New York Democrats nominated former Rep. Tom Suozzi on Thursday as their candidate to fill the vacancy created by former Republican Rep. George Santos’ expulsion.
“The folks from Massapequa and Levittown to the north shore of Nassau, to northeast Queens deserve better,” Suozzi wrote in a statement accepting the nomination. “I will work day and night with both parties to deliver for the people, to make living here more affordable, safer and better.”
“I delivered for this district before, and I will do it again by putting you ahead of partisanship,” he added. “Let’s reject the nonsense and get back to work. Let’s fix this!”
Suozzi will face the Republican nominee in New York’s 3rd Congressional District, which encompasses Queens and Long Island, in a special election on Feb. 13.
Empire State Republicans are expected to choose between Michael Sapraicone, a former New York Police Department detective who’s now a private security magnate, and Nassau County legislator Mazi Pilip, an Ethiopia-born veteran of the Israel Defense Forces. Santos endorsed Sapraicone on Sunday, writing on X that Sapraicone, who has already contributed $300,000 to his own campaign, has “the fundraising and infrastructure to go head to head with Suozzi and show the whole country NY-3 is a GOP stronghold.”
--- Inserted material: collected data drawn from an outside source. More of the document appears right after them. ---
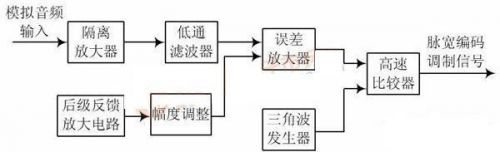 輸入的模擬音頻信號(hào)首先經(jīng)隔離放大器進(jìn)行放大,再與反饋回來的音頻信號(hào)一起送到誤差放大器,輸出放大的誤差音頻信號(hào)。將放大的誤差信號(hào)和載波信號(hào)送到脈寬調(diào)制器,進(jìn)行NBDD 調(diào)制。載波信號(hào)是由三角波發(fā)生器產(chǎn)生的高線性度的模擬三角波信號(hào),頻率為230~ 280 kHz。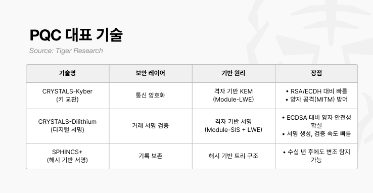 결국 PQC 기술은 양자 컴퓨터 공격에 대응하기 위해 1 BTC 전송 과정에서 통신 암호화(Kyber), 서명 검증(Dilithium), 기록 보존(SPHINCS+)이라는세 가지 보안 계층을 구축한다.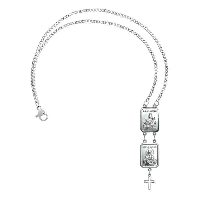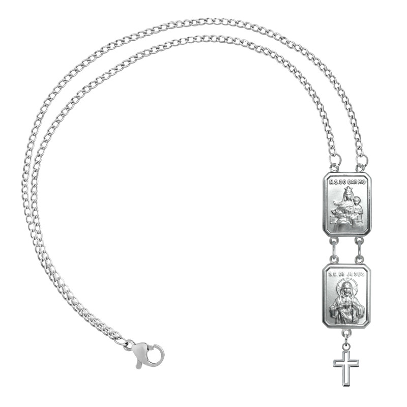 Pulseira Escapulário de Aço Sagrado Coração de Jesus e Sra do Carmo com cruz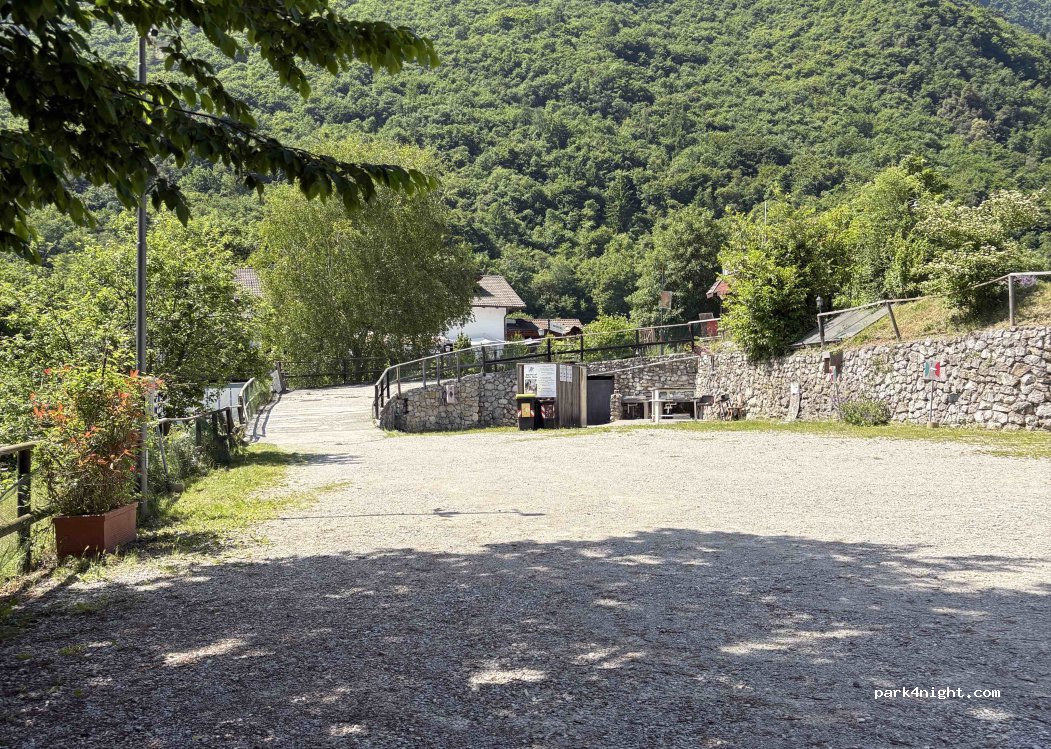 Area sosta comoda per visitare borgo e lago (anche a piedi)ma c’e anche navetta a 2 eur a testa. Gestore molto gentile si puo prenotare via wathapp (che in questo periodo di mercatini e’ raccomandabile!) volendo ha anche in agriturismo e ti porta lui a cena con navetta!! Servizi carico/scarico e corrente. 30 euro dalle 13 alle 13.00. Consigliatissimo!!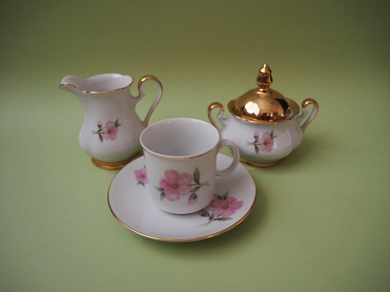 Predám 8-kusovú porcelánovú sadu zdobenú kvetmi, ktorá obsahuje: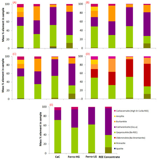 Ce (A), La (B), Pr (C), Nd (D), and Sm (E) deportment in REE-bearing minerals.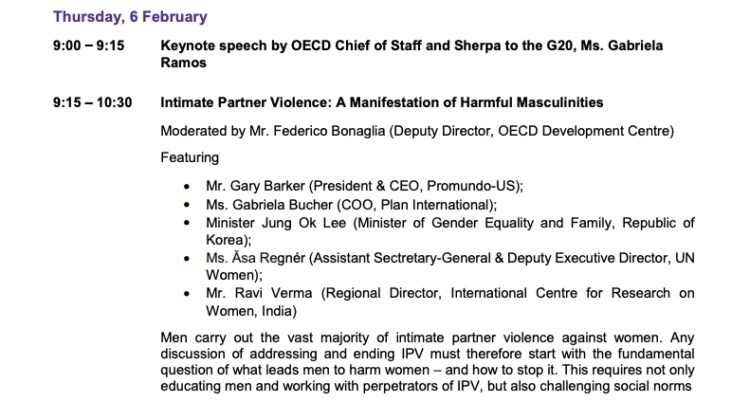 Join OECD Ministers and other global leaders at the OECD in Paris on 5-6 February 2020 to discuss how to prevent, address, and eradicate intimate partner violence.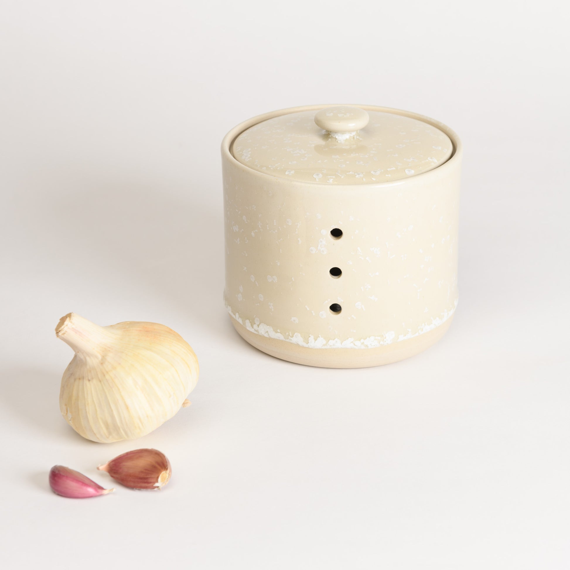 It features two sets of three holes (front and back) to allow air circulation, which slows the drying out of the garlic and keeps it fresher for longer.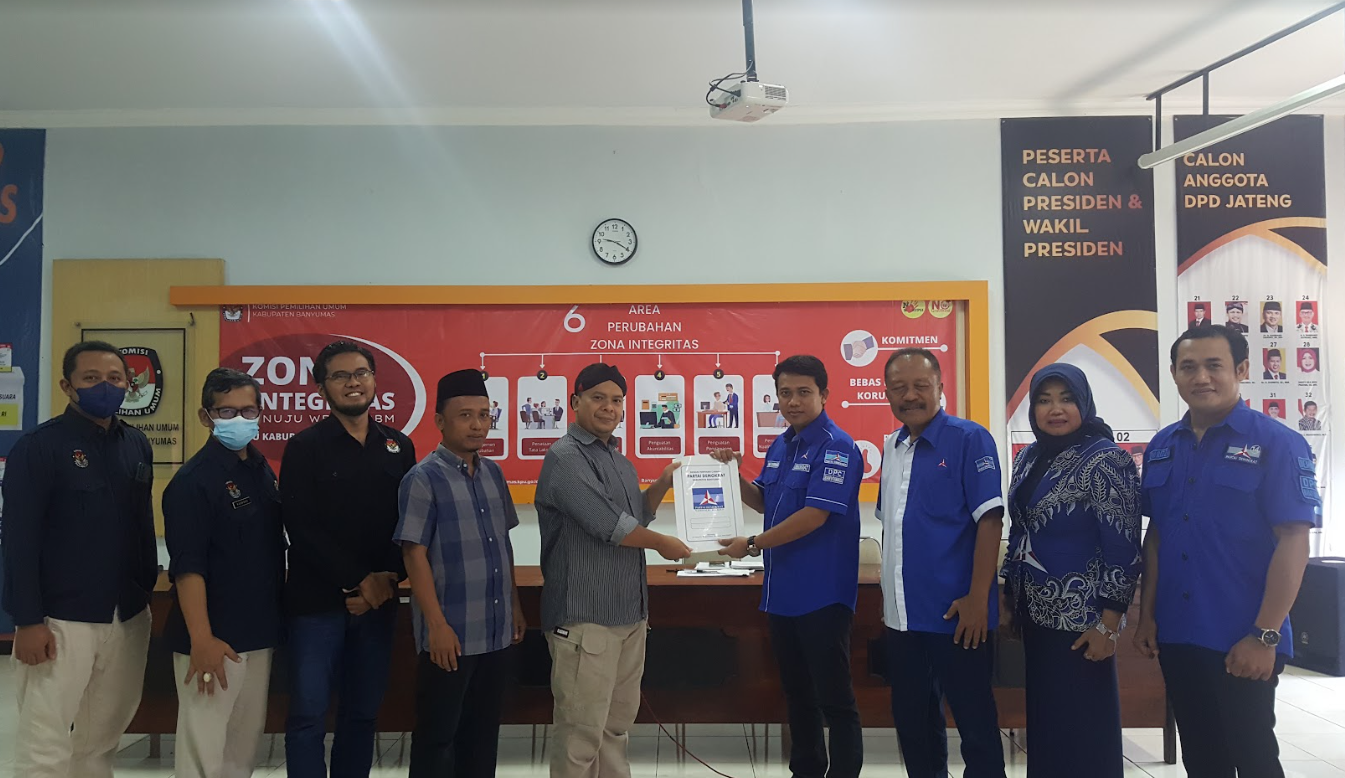 PURWOKERTO - Pengurus Dewan Pengurus Cabang (DPC) Partai Demokrat Kabupaten Banyumas mendatangi kantor Komisi Pemilihan Umum (KPU) Kabupaten Banyumas, Selasa siang (19-07-2022).

Officially, the chairs of the Queens and Nassau county Democratic parties selected Suozzi, a staunch centrist, over former state Sen. Anna Kaplan and other, less viable contenders.
But the decision was the result of heavy input from state and national Democratic leaders, many of whom, including House Democratic Leader Hakeem Jeffries (N.Y.), hail from New York. And Suozzi, who is close to Jeffries, had a virtual lock on the nomination from the start.
The attributes that make Suozzi electable in the eyes of Democrats eager to flip New York’s 3rd District are plain to any political observer. Suozzi held a seat with roughly the same boundaries for three terms before leaving to challenge New York Gov. Kathy Hochul from the right in the 2022 Democratic primary. His criticism of Democrats for being insufficiently tough on crime and his opposition to traffic congestion pricing and other liberal policies seen as unpopular on Long Island, could also limit the effectiveness of standard Republican attacks.
The final step for Suozzi was getting approval from Hochul, who summoned him to her office in Albany on Monday, according to a Tuesday report in The New York Times.
She sought assurances from Suozzi that he would not attack the Democratic Party in the course of his campaign and that he would run as an unabashed defender of abortion rights. The demands were meant to address two criticisms of Suozzi: that his negative campaigning against Hochul in the 2022 primary hurt the party in the general election and that his past moderation on abortion rights would hurt him in this campaign.
Suozzi agreed to Hochul’s requests, including by promising to stand by his support for repealing the Hyde Amendment, which bars public funding for abortions. (Suozzi started supporting repeal only in 2019 amid a pressure campaign from constituents.) He also apologized to Hochul for personal attacks against her during the 2022 primary.
The stakes of the February election are high for both parties. Republicans are eager to hold on to gains they made in New York in 2022, when the party flipped four House seats in districts that President Joe Biden had won in 2020. The GOP’s narrow majority is the result of a net pickup of five seats, which means that the results in New York were more pivotal than the outcomes in any other state.
Democrats, still reeling from the humiliation of those defeats in such a reliably blue state, are determined to avoid a repeat of their 2022 performance. The party sees New York as a key part of its strategy to retake the House ― and the special election as an opportunity to get a head start on that task. As an incumbent, the winner of the contest would be the favorite to hold the seat in the November general election.
Both parties likewise hope to make the special election outcome a harbinger of the coming presidential race. A Democratic takeover of the seat, in particular, could lend credence to the party’s claims that Biden is in better shape than his sluggish poll numbers would suggest.
New York’s 3rd District is a classic battleground seat that is set to attract big spending from both parties and their allied super PACs.
Although the boundaries after redistricting make it slightly less favorable for Democrats, voters in the district favored Biden over Donald Trump in 2020 by a margin of 8 percentage points.
At the same time, Republicans continued to perform well on Long Island in county and local elections last month. Democrats hope that nationalizing the race, with an emphasis on flipping the House and standing up to the GOP’s support for restrictions on abortion rights, will work to their advantage.
Tony Nunziato, chair of the Queens County Republican Party, told HuffPost that the eventual Republican nominee would “definitely” need to have “flexibility” on the question of abortion rights to accommodate the district’s relatively liberal social views.
He said that crime, immigration and antisemitism are more pressing issues at the moment.
“Not to diminish abortion, but there’s so many other things right now that are more in the front line,” he said.